- Instructions to follow -
When you reach the line containing "Ibrahimu | einfarbiges", begin reproducing the material exactly, stop after the line containing "Il multiverso ci", and leave out any pictures along the way.

- Supplied information -
-- Opening Marker --

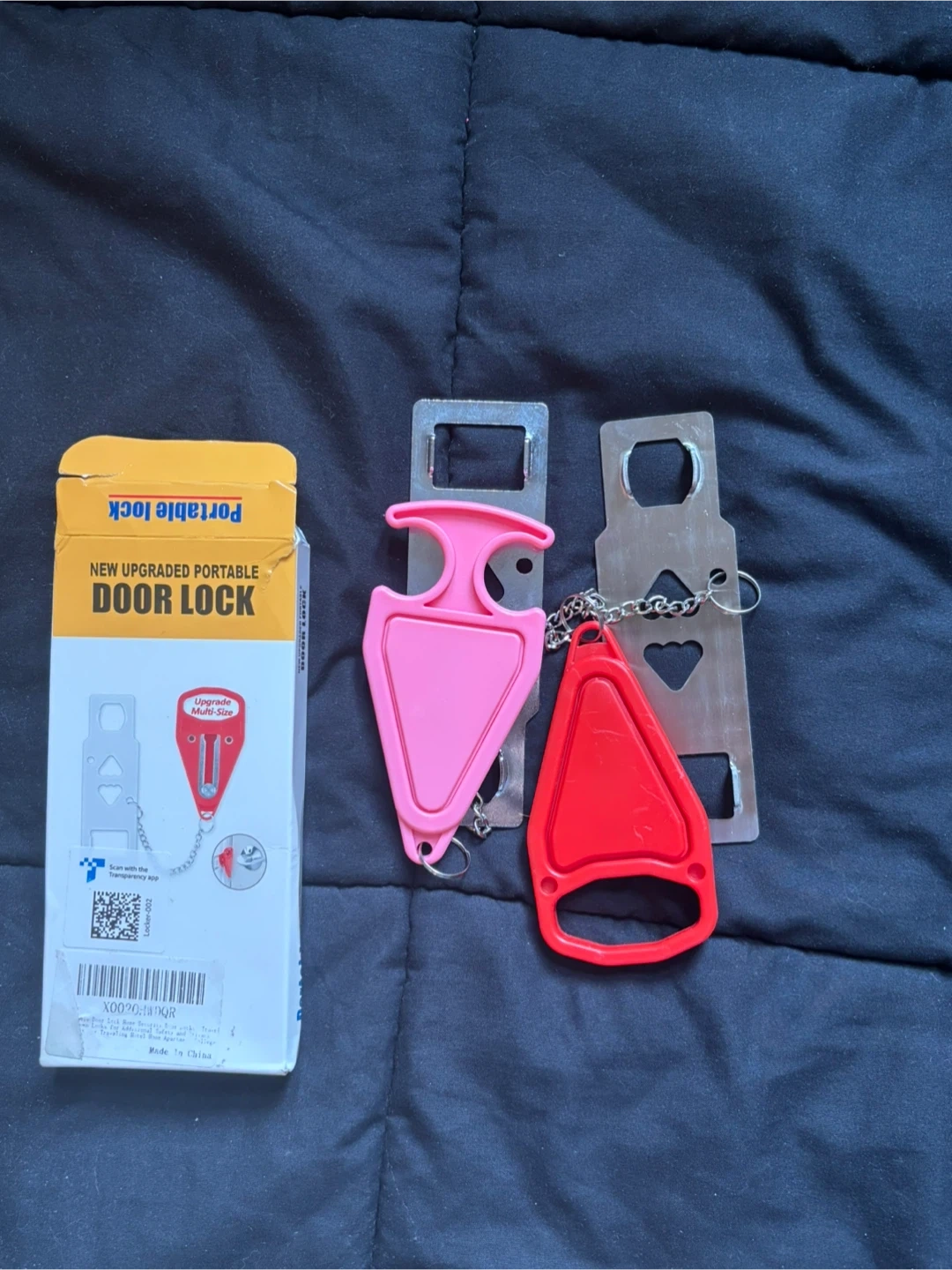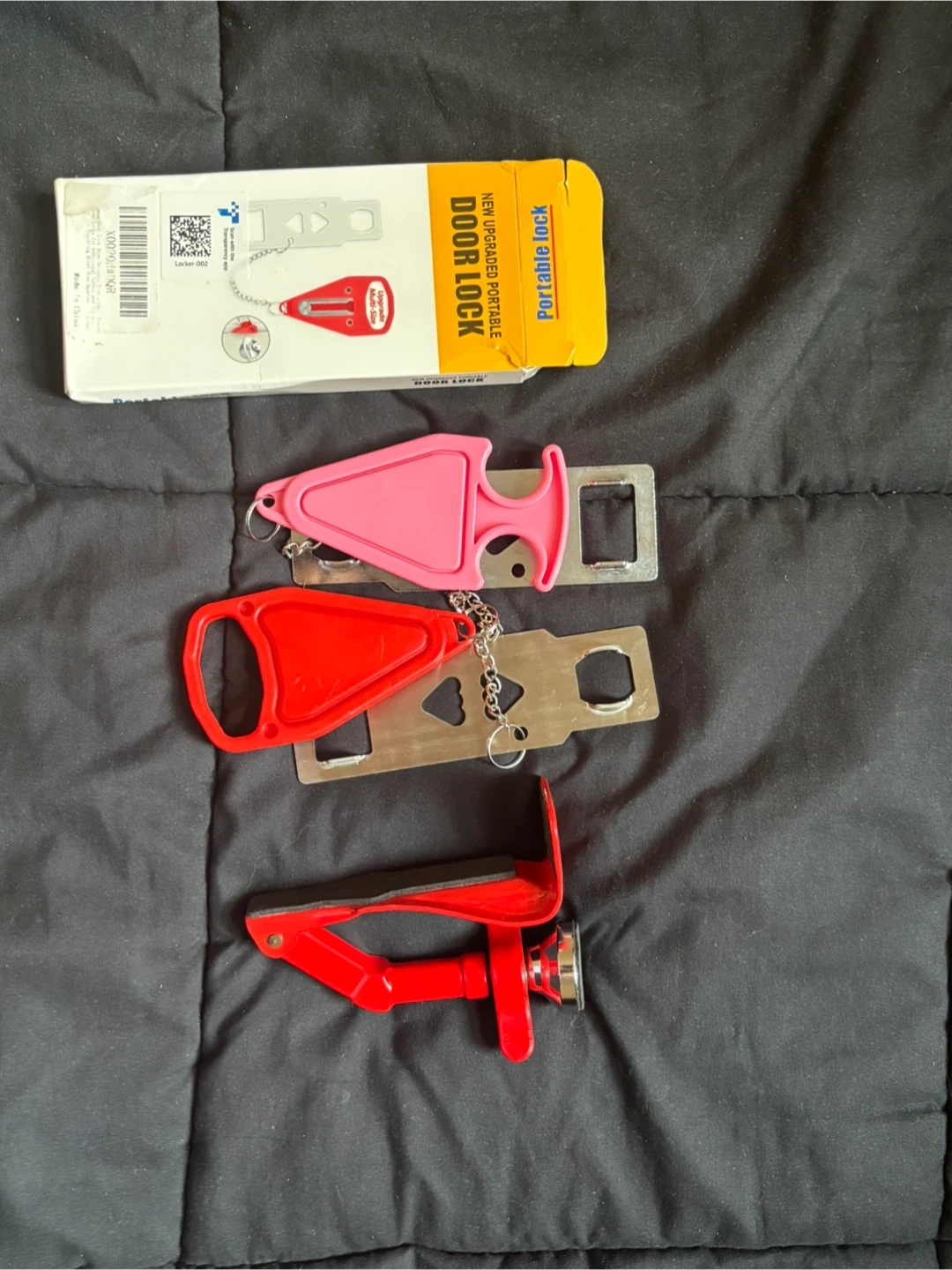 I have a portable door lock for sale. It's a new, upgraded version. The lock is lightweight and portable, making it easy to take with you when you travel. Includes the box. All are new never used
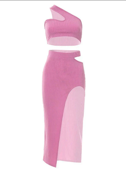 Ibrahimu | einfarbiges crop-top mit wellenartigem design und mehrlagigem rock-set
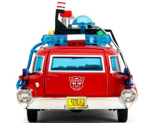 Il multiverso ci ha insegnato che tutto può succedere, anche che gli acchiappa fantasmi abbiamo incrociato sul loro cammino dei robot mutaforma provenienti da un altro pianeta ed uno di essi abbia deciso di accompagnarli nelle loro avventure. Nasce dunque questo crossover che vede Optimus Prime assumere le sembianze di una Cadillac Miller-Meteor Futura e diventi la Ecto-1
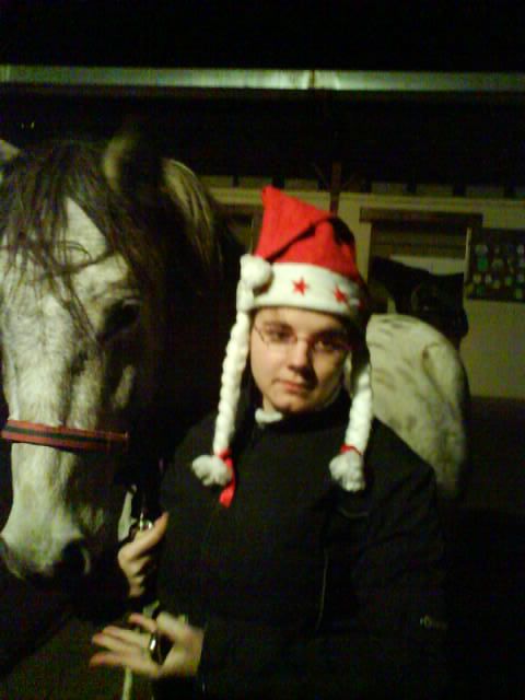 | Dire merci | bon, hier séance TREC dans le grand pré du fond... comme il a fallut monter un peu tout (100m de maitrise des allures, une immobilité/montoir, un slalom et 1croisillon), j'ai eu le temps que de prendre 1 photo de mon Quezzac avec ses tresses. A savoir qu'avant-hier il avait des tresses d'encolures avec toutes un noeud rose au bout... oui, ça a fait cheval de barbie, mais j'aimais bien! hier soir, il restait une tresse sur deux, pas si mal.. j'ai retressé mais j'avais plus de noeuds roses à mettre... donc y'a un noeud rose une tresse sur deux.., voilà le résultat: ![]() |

-- Closing Marker --

- Task response -
 Ibrahimu | einfarbiges crop-top mit wellenartigem design und mehrlagigem rock-set
 Il multiverso ci ha insegnato che tutto può succedere, anche che gli acchiappa fantasmi abbiamo incrociato sul loro cammino dei robot mutaforma provenienti da un altro pianeta ed uno di essi abbia deciso di accompagnarli nelle loro avventure. Nasce dunque questo crossover che vede Optimus Prime assumere le sembianze di una Cadillac Miller-Meteor Futura e diventi la Ecto-1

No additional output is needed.